**EXERCISE OBJECTIVE**
Take the line with "Original period manufacture." as the first and the last line of the data as the end. Write out both and every line between exactly, except pictures.

**AVAILABLE DATA**
-----

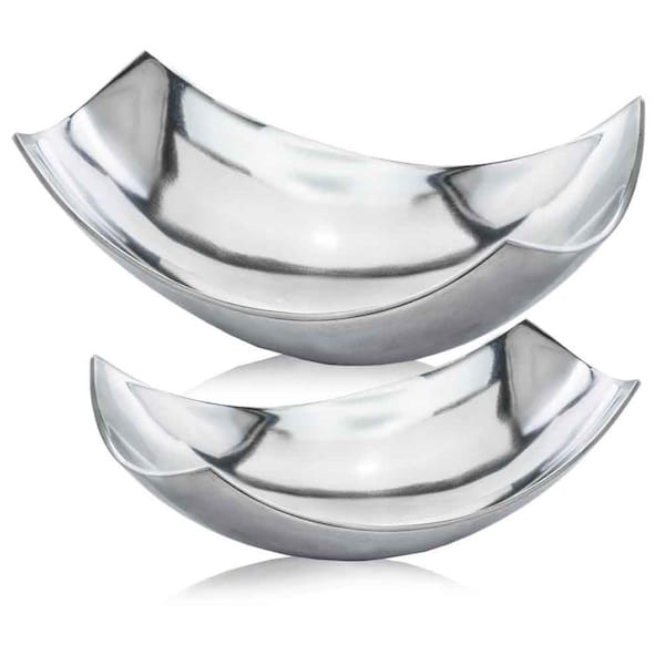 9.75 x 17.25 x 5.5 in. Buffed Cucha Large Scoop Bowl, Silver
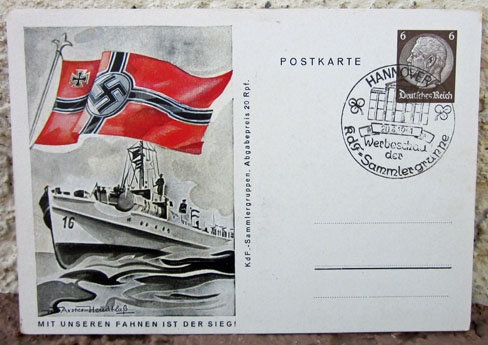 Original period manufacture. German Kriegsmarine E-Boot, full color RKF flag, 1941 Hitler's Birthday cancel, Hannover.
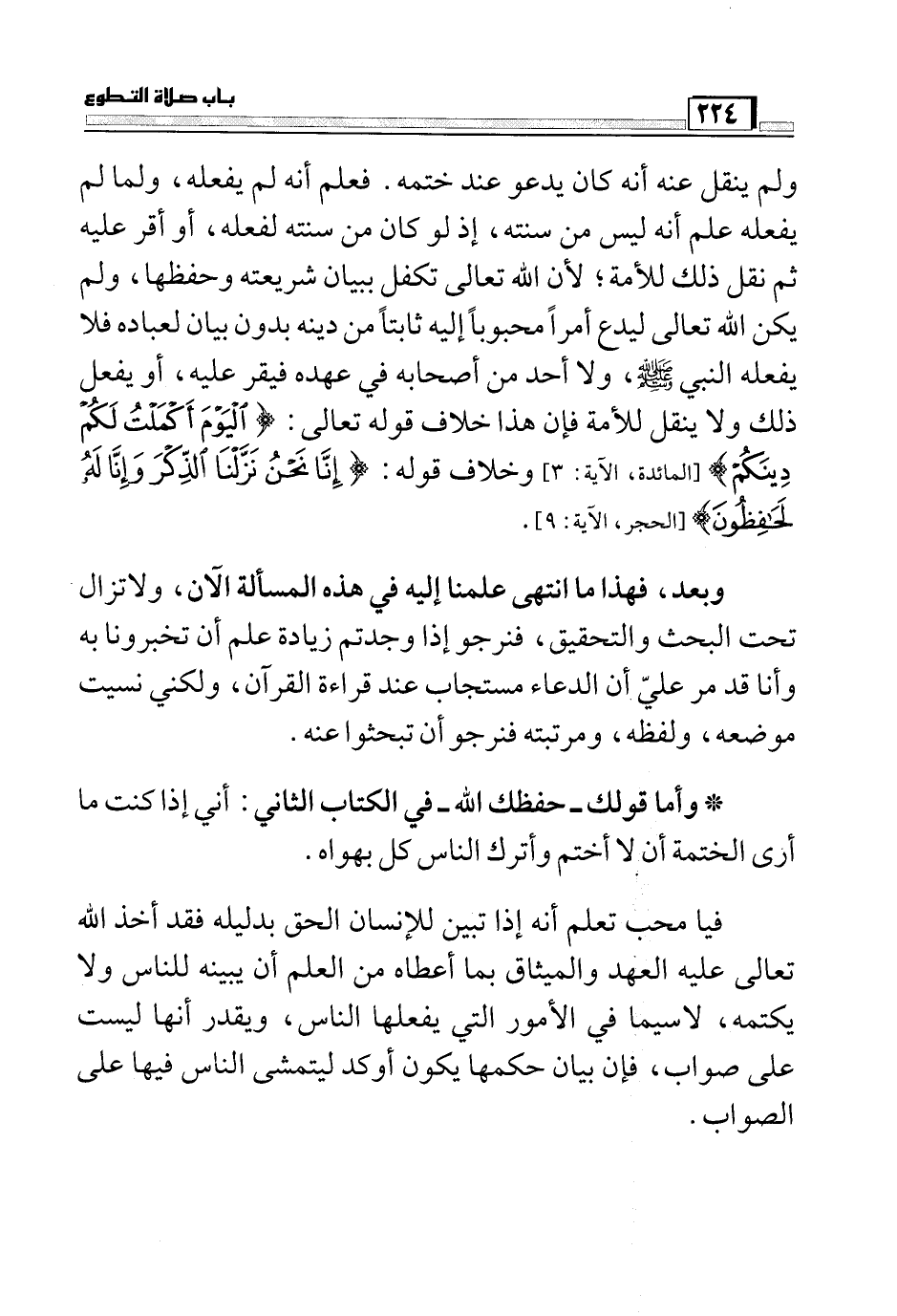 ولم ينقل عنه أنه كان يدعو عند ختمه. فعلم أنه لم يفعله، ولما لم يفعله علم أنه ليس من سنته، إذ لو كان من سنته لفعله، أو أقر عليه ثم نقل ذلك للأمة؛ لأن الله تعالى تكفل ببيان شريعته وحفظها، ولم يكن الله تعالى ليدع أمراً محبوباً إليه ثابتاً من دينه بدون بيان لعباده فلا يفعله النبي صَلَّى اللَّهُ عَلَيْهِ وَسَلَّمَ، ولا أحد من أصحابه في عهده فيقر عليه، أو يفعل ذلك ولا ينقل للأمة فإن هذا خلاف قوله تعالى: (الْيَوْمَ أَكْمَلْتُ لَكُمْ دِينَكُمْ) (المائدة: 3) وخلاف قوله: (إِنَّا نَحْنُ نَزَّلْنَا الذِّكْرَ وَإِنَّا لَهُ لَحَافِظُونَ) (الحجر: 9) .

-----

**SOLUTION TO THIS TASK**
 Original period manufacture. German Kriegsmarine E-Boot, full color RKF flag, 1941 Hitler's Birthday cancel, Hannover.
 ولم ينقل عنه أنه كان يدعو عند ختمه. فعلم أنه لم يفعله، ولما لم يفعله علم أنه ليس من سنته، إذ لو كان من سنته لفعله، أو أقر عليه ثم نقل ذلك للأمة؛ لأن الله تعالى تكفل ببيان شريعته وحفظها، ولم يكن الله تعالى ليدع أمراً محبوباً إليه ثابتاً من دينه بدون بيان لعباده فلا يفعله النبي صَلَّى اللَّهُ عَلَيْهِ وَسَلَّمَ، ولا أحد من أصحابه في عهده فيقر عليه، أو يفعل ذلك ولا ينقل للأمة فإن هذا خلاف قوله تعالى: (الْيَوْمَ أَكْمَلْتُ لَكُمْ دِينَكُمْ) (المائدة: 3) وخلاف قوله: (إِنَّا نَحْنُ نَزَّلْنَا الذِّكْرَ وَإِنَّا لَهُ لَحَافِظُونَ) (الحجر: 9) .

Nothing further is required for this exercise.